From: olafBuddenhagen
Subject: Re: The patch of glibc which allows the user to override the pfinet server
Date: Sun, 17 Aug 2008 00:55:09 +0200
User-agent: Mutt/1.5.18 (2008-05-17)

Hi,

On Fri, Aug 15, 2008 at 06:27:00PM +0200, zhengda wrote:
> olafBuddenhagen@gmx.net wrote:

>>> But isn't it always right to initialize a local variable to reduce
>>> the  possibility of getting bugs?
>>
>> It won't avoid bugs; only either cover them up, or (less likely)
>> expose them more clearly -- depending on context...
>>   
> Right, it cannot avoid bugs, but I believe it is more likely expose
> the  bugs in the program.

It really depends on the context.
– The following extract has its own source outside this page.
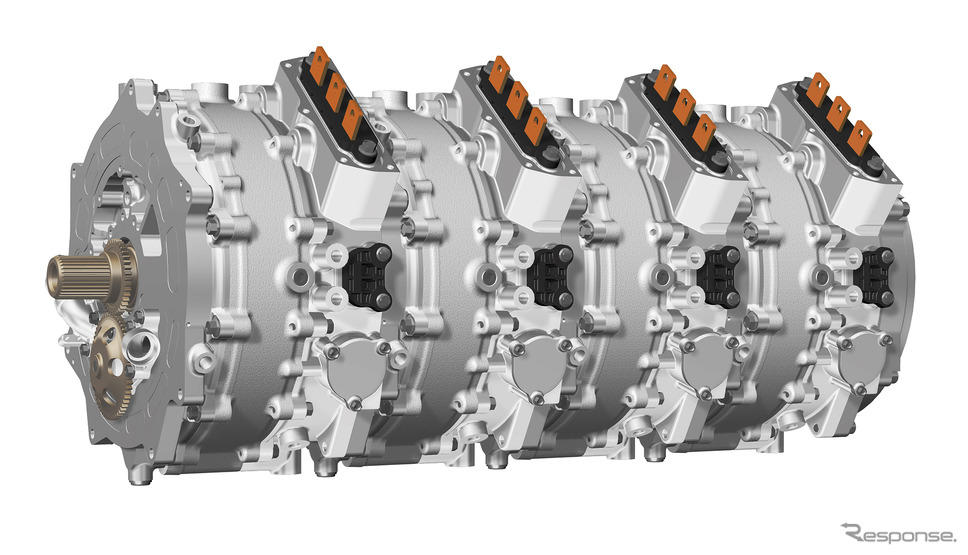 ハイブリッド航空機や電動船舶用に開発中の高出力モーターも出展する。連結して使用できることが特長で、4連結で2MW(1基あたり500kW)の出力になる。組合せによって多種類の出力帯に対応でき、さまざまな業界の電動化を可能にする。油密構造の油冷を採用し、高定格出力を実現している。

In some cases -- if the pointer is
dereferenced -- NULL will create an obvious failure, while some random
uninitialized pointer might be harder to track down.

In other cases -- if it's used as argument to realloc(), free() etc.; or
if it's tested as a result from some other operation (getenv() in this
case) -- NULL will be treated as perfectly valid, and not give any
indication of failure at all!

Thus I don't think it's good practice in general to initialize all
pointers to NULL...

> 2008-06-30 Zheng Da <zhengda1936@gmail.com>
>
>    * hurd/hurdsocks.c (_hurd_socket_server): Searches environment variables
>    for the socket server insteading of using the default one.
>    (SOCK_SERV_%d, SOCK_SERV): The environment variables that contains
>    the path of the socket server.

As was pointed out by someone in the earlier discussion, we don't use
the term "path" in this context. SOCK_SERV_%d contains a file name,
SOCK_SERV a directory name.

Perhaps you could just say "location" instead of "path"...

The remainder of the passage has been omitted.